● Task prompt
The material below holds pictures; leave them out, and copy exactly, and only, the lines from the one with "Kök zümrüt 14" through the last.

● Collected material
============================================================
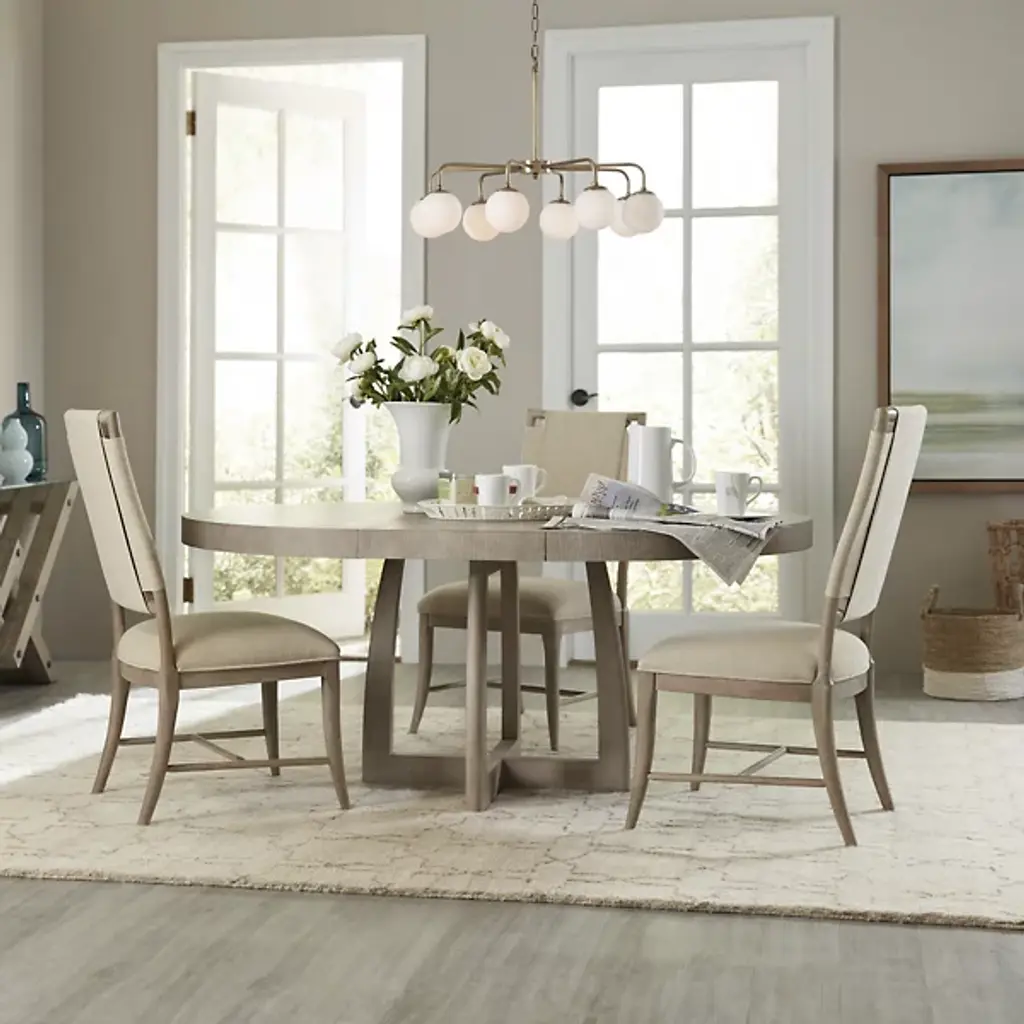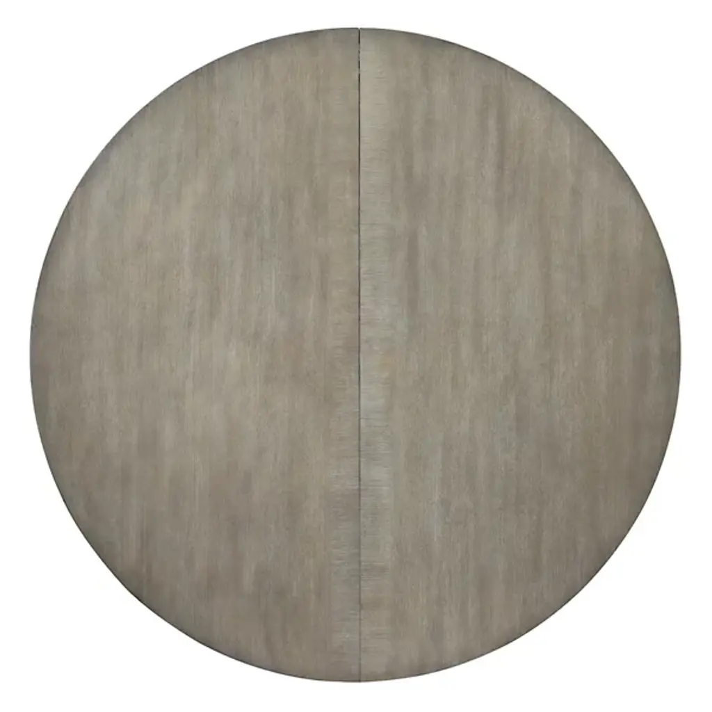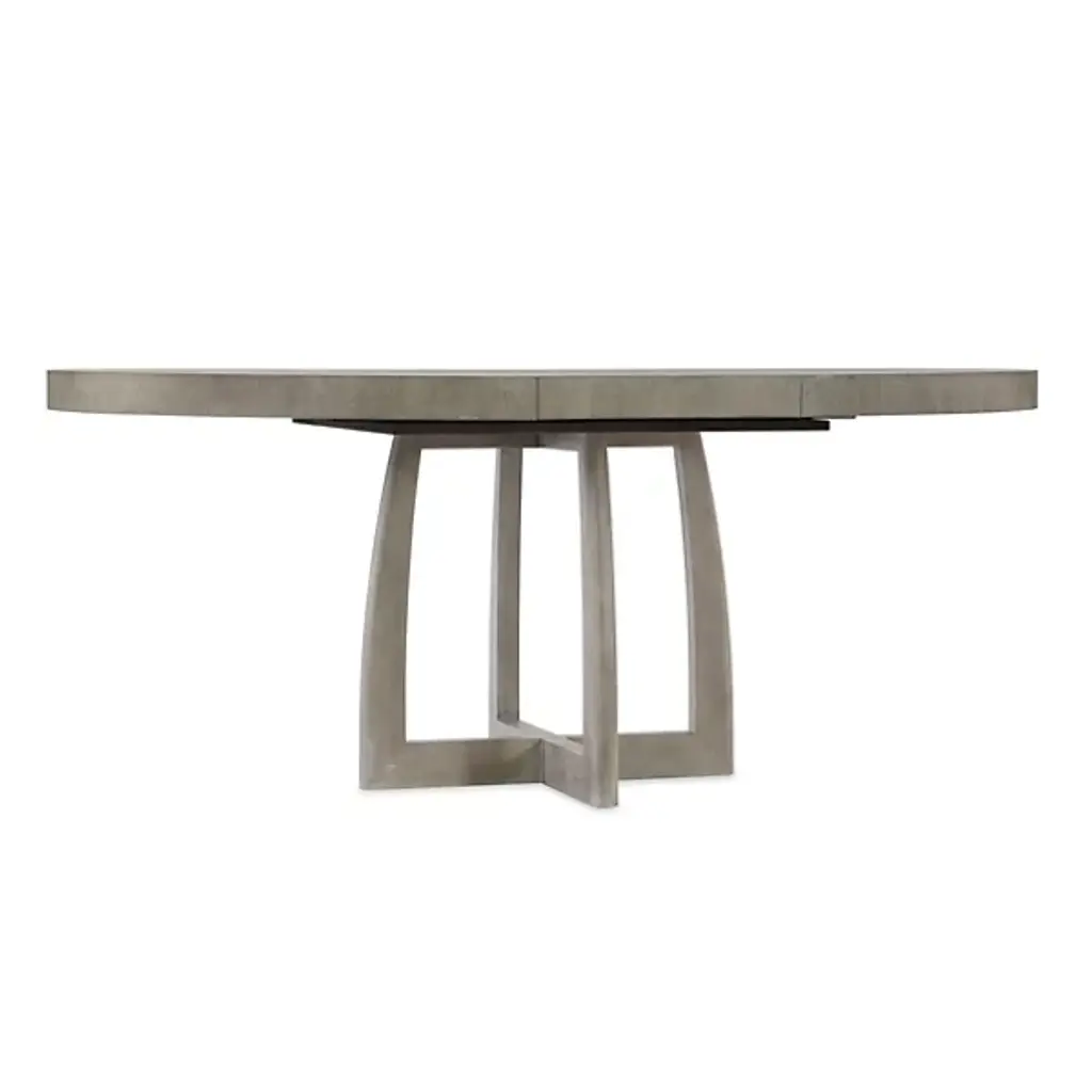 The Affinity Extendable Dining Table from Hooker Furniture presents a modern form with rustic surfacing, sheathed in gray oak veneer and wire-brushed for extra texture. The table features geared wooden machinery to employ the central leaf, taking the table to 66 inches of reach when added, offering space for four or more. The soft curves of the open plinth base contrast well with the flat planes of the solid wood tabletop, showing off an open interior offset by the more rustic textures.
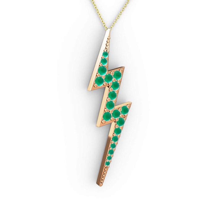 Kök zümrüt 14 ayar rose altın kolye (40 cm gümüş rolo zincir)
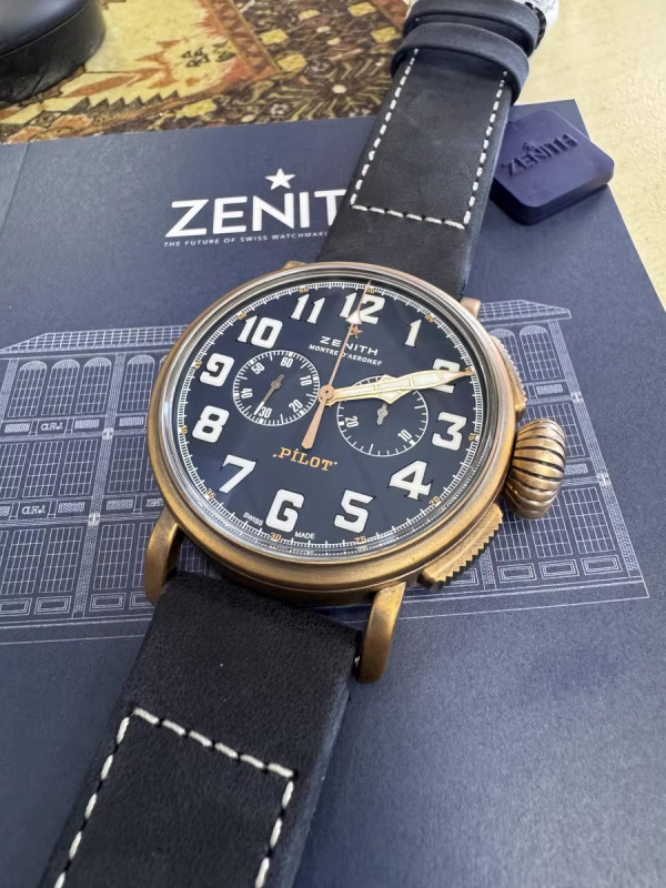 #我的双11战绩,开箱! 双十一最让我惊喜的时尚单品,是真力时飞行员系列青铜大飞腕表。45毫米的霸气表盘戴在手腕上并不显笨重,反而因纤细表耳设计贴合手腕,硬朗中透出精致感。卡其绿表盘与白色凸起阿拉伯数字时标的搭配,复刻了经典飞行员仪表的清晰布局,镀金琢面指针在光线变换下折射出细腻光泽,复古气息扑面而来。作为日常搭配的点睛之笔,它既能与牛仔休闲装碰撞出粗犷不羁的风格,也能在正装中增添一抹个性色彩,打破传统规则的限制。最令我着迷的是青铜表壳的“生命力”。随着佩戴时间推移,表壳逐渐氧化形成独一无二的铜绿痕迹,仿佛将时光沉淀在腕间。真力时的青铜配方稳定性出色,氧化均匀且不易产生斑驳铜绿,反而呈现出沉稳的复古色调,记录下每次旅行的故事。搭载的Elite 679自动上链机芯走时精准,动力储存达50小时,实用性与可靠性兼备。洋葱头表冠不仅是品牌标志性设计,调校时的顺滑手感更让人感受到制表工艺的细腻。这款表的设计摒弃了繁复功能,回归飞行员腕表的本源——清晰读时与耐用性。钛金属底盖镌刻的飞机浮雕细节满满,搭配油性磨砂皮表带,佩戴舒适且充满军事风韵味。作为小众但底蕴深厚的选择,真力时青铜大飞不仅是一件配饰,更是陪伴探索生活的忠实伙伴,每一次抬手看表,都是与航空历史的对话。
============================================================
● Written answer
 Kök zümrüt 14 ayar rose altın kolye (40 cm gümüş rolo zincir)
 #我的双11战绩,开箱! 双十一最让我惊喜的时尚单品,是真力时飞行员系列青铜大飞腕表。45毫米的霸气表盘戴在手腕上并不显笨重,反而因纤细表耳设计贴合手腕,硬朗中透出精致感。卡其绿表盘与白色凸起阿拉伯数字时标的搭配,复刻了经典飞行员仪表的清晰布局,镀金琢面指针在光线变换下折射出细腻光泽,复古气息扑面而来。作为日常搭配的点睛之笔,它既能与牛仔休闲装碰撞出粗犷不羁的风格,也能在正装中增添一抹个性色彩,打破传统规则的限制。最令我着迷的是青铜表壳的“生命力”。随着佩戴时间推移,表壳逐渐氧化形成独一无二的铜绿痕迹,仿佛将时光沉淀在腕间。真力时的青铜配方稳定性出色,氧化均匀且不易产生斑驳铜绿,反而呈现出沉稳的复古色调,记录下每次旅行的故事。搭载的Elite 679自动上链机芯走时精准,动力储存达50小时,实用性与可靠性兼备。洋葱头表冠不仅是品牌标志性设计,调校时的顺滑手感更让人感受到制表工艺的细腻。这款表的设计摒弃了繁复功能,回归飞行员腕表的本源——清晰读时与耐用性。钛金属底盖镌刻的飞机浮雕细节满满,搭配油性磨砂皮表带,佩戴舒适且充满军事风韵味。作为小众但底蕴深厚的选择,真力时青铜大飞不仅是一件配饰,更是陪伴探索生活的忠实伙伴,每一次抬手看表,都是与航空历史的对话。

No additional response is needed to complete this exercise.